結婚までのふたり
私、進藤奈歩の大学時代からの友人である桜川謙斗は、いつも真面目だが、さらに真面目さが3割増しの態度で私を待っていた。
「進藤、突然呼び出してすまない。お前に頼みがあるんだ」
「今日は暇だったからいいよ。でも借金と連帯保証人はお断りだよ」
「そんなことを俺が頼むわけないだろう」
「冗談よ。頼みって何?」
「俺と結婚しないか?」
・・・・桜川って確か警察官だっけ。学生時代から真面目で冗談が似合わなかったけど、社会人になって、さらに冗談が似合わない男になっていた。
「・・・・桜川さあ、無理して冗談言わなくてもいいんだよ?」
「俺は真剣だ」
私の返事が不快だったらしく、彼は眉をひそめる。端正な顔立ちは大学の頃からいっそう大人びている。
1年生の頃、授業で同じグループになったのがきっかけで、何事にもマイペースな私と真面目できっちりした桜川は、なぜか意気投合して友人になった。でも私と桜川は2人でいても色気のある展開なんてなったこともない。
「あのさ、普通プロポーズというのは女性として好きな相手にするものでは」
「進藤。とりあえず理由を聞いてもらえないだろうか」
「わかった。理由を聞いてあげるよ」
私が姿勢を正すと、桜川はありがとうと言って口を開いた。
「ここ最近、両親の知人から見合い話が持ち込まれるようになったんだ。それはありがたい話なんだけど、相手が軒並み専業主婦志向の人ばかりでさ」
「いいじゃないの。家に帰れば美味しい食事、適温かつきれいな部屋、たたまれた洗濯物、素敵な奥さんが待っててくれてるんでしょ?いいなー、私も嫁がほしいよ」
「でも、それは俺の求めている人じゃない」
私は思わず桜川をまじまじと見つめてしまった。てっきり従順で三歩下がってついてくタイプが好きかと思ってたのに。確か、歴代の彼女(といっても私が知っているのは大学時代からだけど)たちって皆そういうタイプだったよね。

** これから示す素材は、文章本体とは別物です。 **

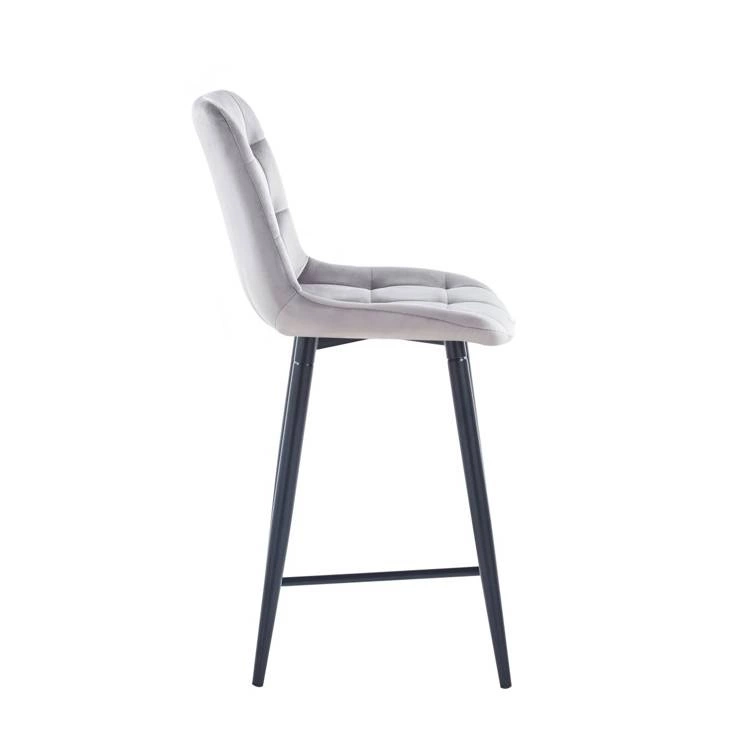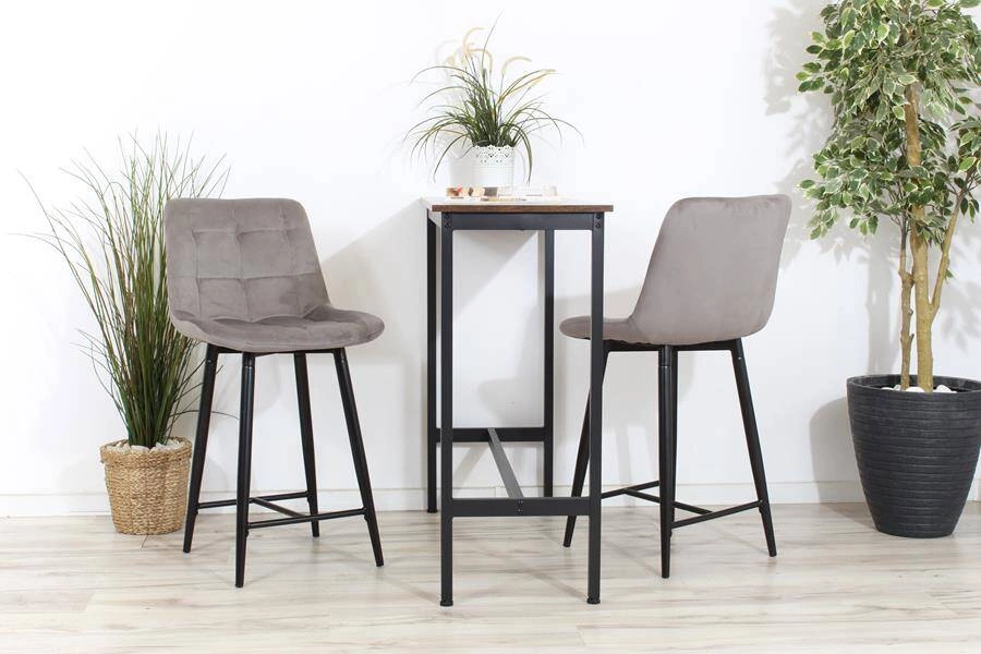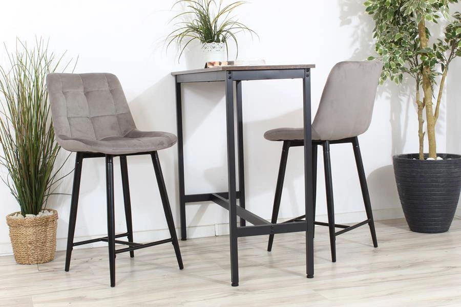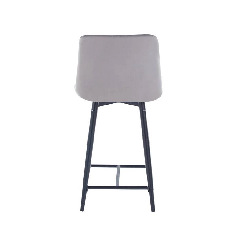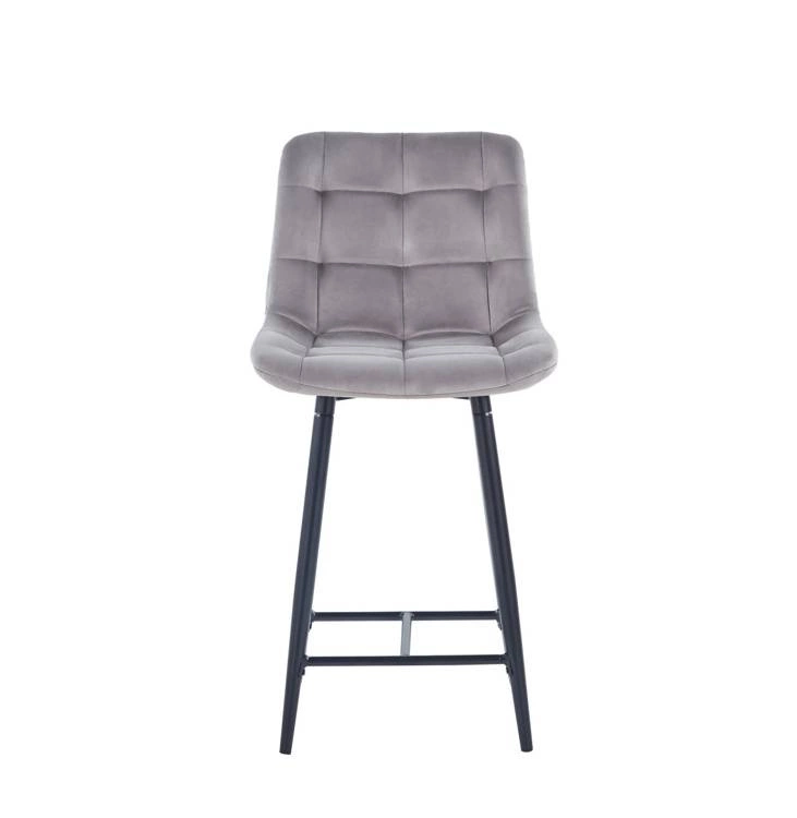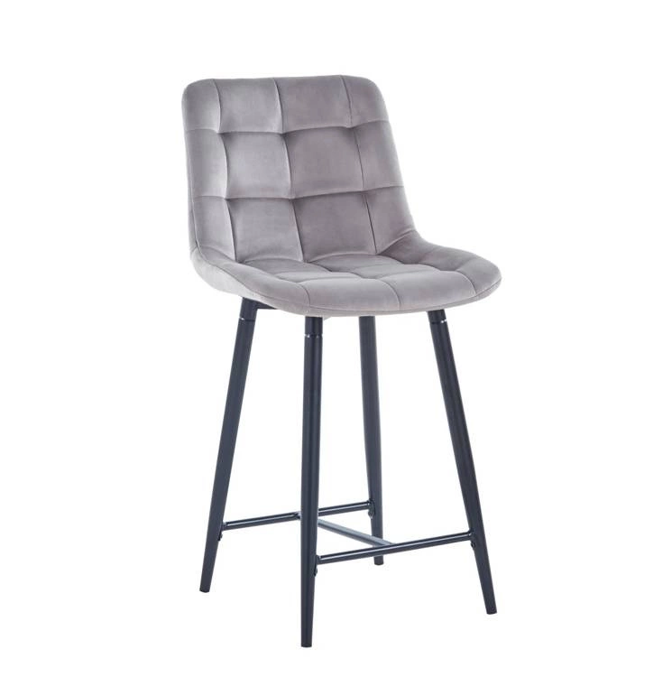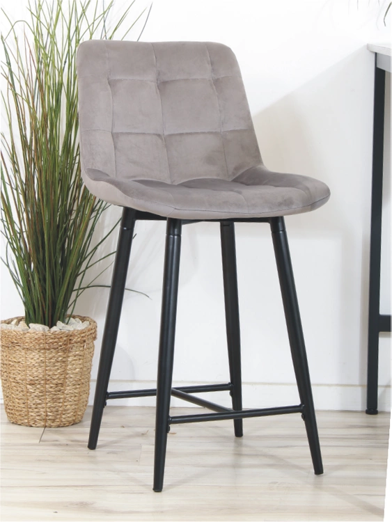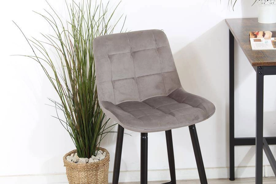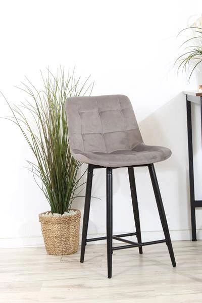 Welurowe krzesło do wyspy niskie PROXI pikowane szare na czarnych nogach

「そんなにまじまじと俺を見るなよ・・・話を戻すぞ。俺が結婚相手に求めているのは」
「うん、求めているのは?」
「経済的に自立していて一人が平気な人だ。俺は勤務が不規則で、毎日決まった時間に帰ることはできないし、休みだってきちんと予定通りにとれるかはなはだ怪しい。
見合いで出会う確率が低そうだから、俺は考えてみたんだ・・・そしたら進藤、おまえしかいなかったんだよ」
確かに私が経営している絵本カフェは順調で、今のところ食べていけている。そして一人で行動するのも好きだ。
「私、絵本の買い付けに海外に行くこともあるから長期で家を空けるわよ。それに家事全般テキトーだし。だから桜川の歴代彼女たちのような、マメさを求められると困るんだけど」
「家事は家にいるほうがやればいい。それに俺が一番求めているものを進藤は持っている」
「私、何か持ってたっけ?」
「安らぎ。俺は進藤がそばにいるときが心身ともに一番安らぐんだ。それに大学時代の約束があるだろ?」
そこで桜川が私を見て微笑んだ。
「・・・!!あれは冗談だったでしょうが」
声が大きくならないように気をつけていたけど、まさかそれを持ち出してくるとは。
「確かにあの時は冗談だった。でも、お前の周囲だって、今はうるさいんじゃないのか?」
「・・・確かに最近は母親のもの言いたげな視線が」
「俺たち気が合うし、仲良くやれると思うが」
それは認める。私も桜川と話していると気持ちが穏やかになる。
でもさ。それだけで結婚していいのか、桜川?
大学時代の約束・・・それは「互いが29歳になっても独身だったら結婚しよう」というものだった。